Guideline #3: Identify Your Deepest Values and Needs

When you start a new relationship, you also enter a relationship (directly or indirectly) with that person’s parents, siblings, and extended family (and vice versa). Even though you might not meet or spend time with these people during the early stages of the relationship, they represent unique personalities, a culture and values system with certain habits, strengths, and weaknesses, and specific family genetic health propensities. These people on both sides of the romantic encounter are invisible participants in your relationship, and how their history and values conflict with or support your own can strongly influence how the relationship works out.

My name is Lane Lasater, a retired clinical psychologist. In gratitude for the life I have been given, I am sharing everything I learned during my career and personal life on my website http://www.LaneLasater.com and on my YouTube Channel Life Roadmaps from a Retired Psychologist  https://www.youtube.com/@lane205   Each post contains my written material, an AI generated graphic, a 15-17 minute audio summary, and a 5-7 minute video summarizing the material. You can download a fillable and printable PDF workbook that contains all the exercises that I developed to accompany the material here: Finding a Life Partner Fillable Workbook

Click here for an audio summary of this post.

 

“To thine own self be true.”

Shakespeare

Basic Human Needs

The family you grew up in is the logical place to start your self- examination as you prepare for life partnership. The education you received from parents and other family members gives you unique skills, knowledge, values, abilities, attitudes, and beliefs. But families differ in terms of how well they’re able to foster a child’s foundation for well-being, so some of us arrive at adulthood out of balance. If your family couldn’t fully foster your foundation (like mine and Nicholas’ in the previous post), consider how that affects your needs during your search.

A useful way of assessing your childhood family environment is to reflect on how well you could meet your basic needs. Ideally, your childhood environment helped you meet the following 10 needs.

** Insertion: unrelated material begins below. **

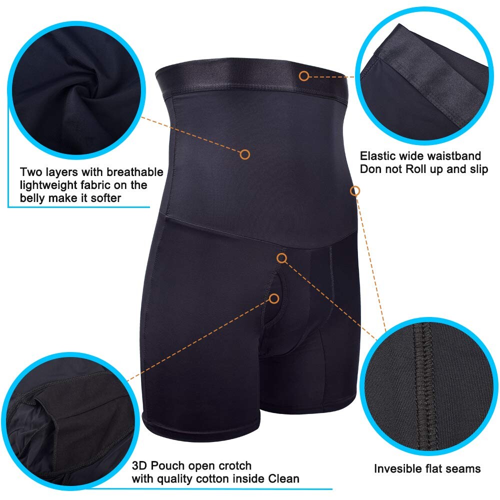 These men's tummy control shorts with 3D POUCH SUPPORT design on the crotch, to fit the male physiological feature.

Most of these needs are self-explanatory. Self-efficacy is feeling the power to change your life for the better. Legitimacy means having human rights and receiving fair and just treatment. Identity means defining and knowing your strengths, limitations, philosophy, and morality. When we can’t meet basic human needs, we naturally experience fear, anger, sadness, grief, or guilt. If need frustration continues, we become vulnerable to addictions or compulsive behavior patterns as we attempt to compensate, and long-term need frustration can lead to stress disorders, illness, and ultimately chronic disorders.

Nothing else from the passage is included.